Hi @wtempel
Yes, we are on the same machine, @DerLorenz as scientific user, me as operator.
I know that there were no config changes, as we deploy and manage such changes with config management and automation tools.
After the change end of may (to the master lock strategy), for a while there were no errors observed. Later, the daily number of jobs on the cryosparc machine increased. And those errors started to happen again (with the master lock strategy still enabled, no config changes were done).

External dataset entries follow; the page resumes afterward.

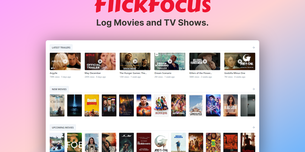 FlickFocus simplifies tracking movies and TV shows that you have watched or want to watch. Logging, lists, watchlists, and stats will help build your library. Follow your friends and see what they lik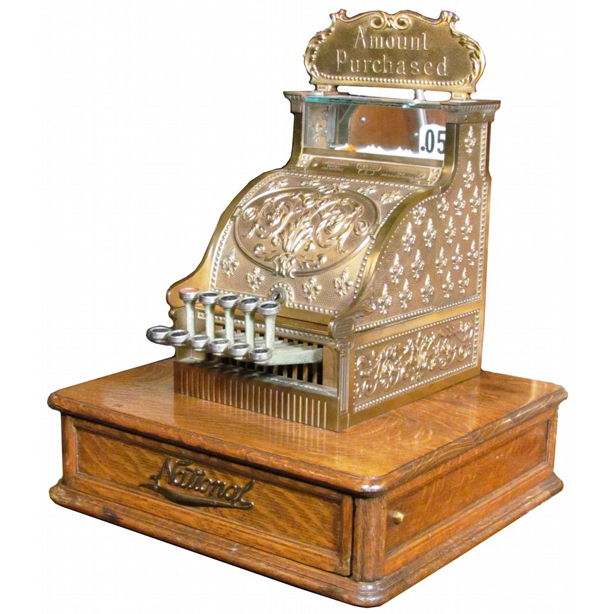 Rare National Cash Register Model 6 Barbershop Style. Extended oak base. Professionally restored working condition.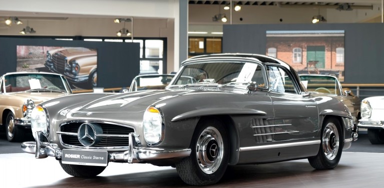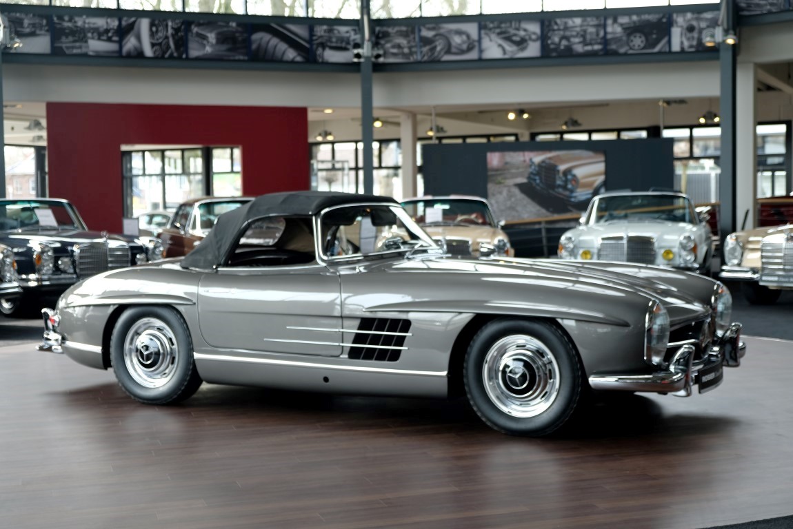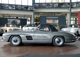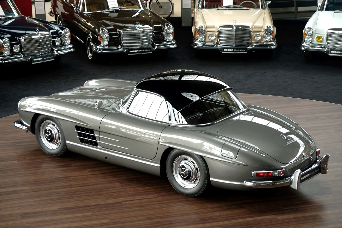 The 300 SL Roadster replaced the legendary 300 SL Gullwing and was sold in the years 1957 to 1963 with great success. If you consider that the competition model BMW 507 at that time just 252 copies found a customer, the Mercedes-Benz 300SL Roadster with 1,858 units produced is quite a great success. The technology of the Roadster is equal to that of the gullwing and also includes, derived from a racing engine powerful straight-six, with direct injection. The 300SL models were not cheap, but exclusive and equipped with advanced technology. Anyone who had money, just wanted to afford the best. So the 300 SL Roadster found some buyers in high society. To them belonged for example: Clark Gable, Glenn Ford, Horst Buchholz and Curd Jürgens, as well as Elvis Presley and Toni Sailer.

When it happened, I also did see the lock acquisition logging (until we’ve removed the master lock strategy). The last entries of lock/unlock:
2024-07-25 13:33:44,833 job_run_lock INFO | Lock ssd_cache acquired by P150-J2432-1721899456
2024-07-25 13:35:06,275 job_run_unlock INFO | Releasing lock ssd_cache from P150-J2432-1721899456
2024-07-25 13:35:07,994 job_run_lock INFO | Lock ssd_cache acquired by P150-J2433-1721899493
2024-07-25 13:36:25,284 job_run_unlock INFO | Releasing lock ssd_cache from P150-J2433-1721899493
2024-07-25 13:36:26,801 job_run_lock INFO | Lock ssd_cache acquired by P150-J2429-1721899430
2024-07-25 13:37:47,330 job_run_unlock INFO | Releasing lock ssd_cache from P150-J2429-1721899430
2024-07-25 13:37:48,061 job_run_lock INFO | Lock ssd_cache acquired by P150-J2434-1721899791
2024-07-25 13:39:08,770 job_run_unlock INFO | Releasing lock ssd_cache from P150-J2434-1721899791
2024-07-25 13:39:11,449 job_run_lock INFO | Lock ssd_cache acquired by P150-J2435-1721899809
2024-07-25 13:40:32,694 job_run_unlock INFO | Releasing lock ssd_cache from P150-J2435-1721899809
2024-07-25 13:40:34,180 job_run_lock INFO | Lock ssd_cache acquired by P150-J2430-1721899850
2024-07-25 13:43:04,791 job_run_unlock INFO | Releasing lock ssd_cache from P150-J2430-1721899850
2024-07-25 13:43:05,245 job_run_lock INFO | Lock ssd_cache acquired by P150-J2431-1721899943
2024-07-25 13:45:37,425 job_run_unlock INFO | Releasing lock ssd_cache from P150-J2431-1721899943
2024-07-25 13:45:38,175 job_run_lock INFO | Lock ssd_cache acquired by P150-J2433-1721900542
2024-07-25 13:48:07,600 job_run_unlock INFO | Releasing lock ssd_cache from P150-J2433-1721900542
2024-07-25 13:48:07,824 job_run_lock INFO | Lock ssd_cache acquired by P150-J2437-1721900483
2024-07-25 13:50:49,105 job_run_unlock INFO | Releasing lock ssd_cache from P150-J2437-1721900483
2024-07-25 13:50:49,246 job_run_lock INFO | Lock ssd_cache acquired by P150-J2432-1721900444
2024-07-25 13:53:22,013 job_run_unlock INFO | Releasing lock ssd_cache from P150-J2432-1721900444
2024-07-25 13:53:24,564 job_run_lock INFO | Lock ssd_cache acquired by P150-J2436-1721899836
2024-07-25 13:55:57,209 job_run_unlock INFO | Releasing lock ssd_cache from P150-J2436-1721899836
2024-07-25 13:55:58,582 job_run_lock INFO | Lock ssd_cache acquired by P150-J2429-1721900660
2024-07-25 13:57:18,687 job_run_unlock INFO | Releasing lock ssd_cache from P150-J2429-1721900660
I also remember seeing in the client logs some polling for the lock when it was not immediately available.
Since we’ve gone back to the per-job ssd-cache (i.e. in a per-job /tmp that is removed after the job), the previously seen job failurs as described above are gone.
The cryosparc version we’re running is v4.5.1, since end of May. We did the update to v4.5.1 and cache reconfig at the same time.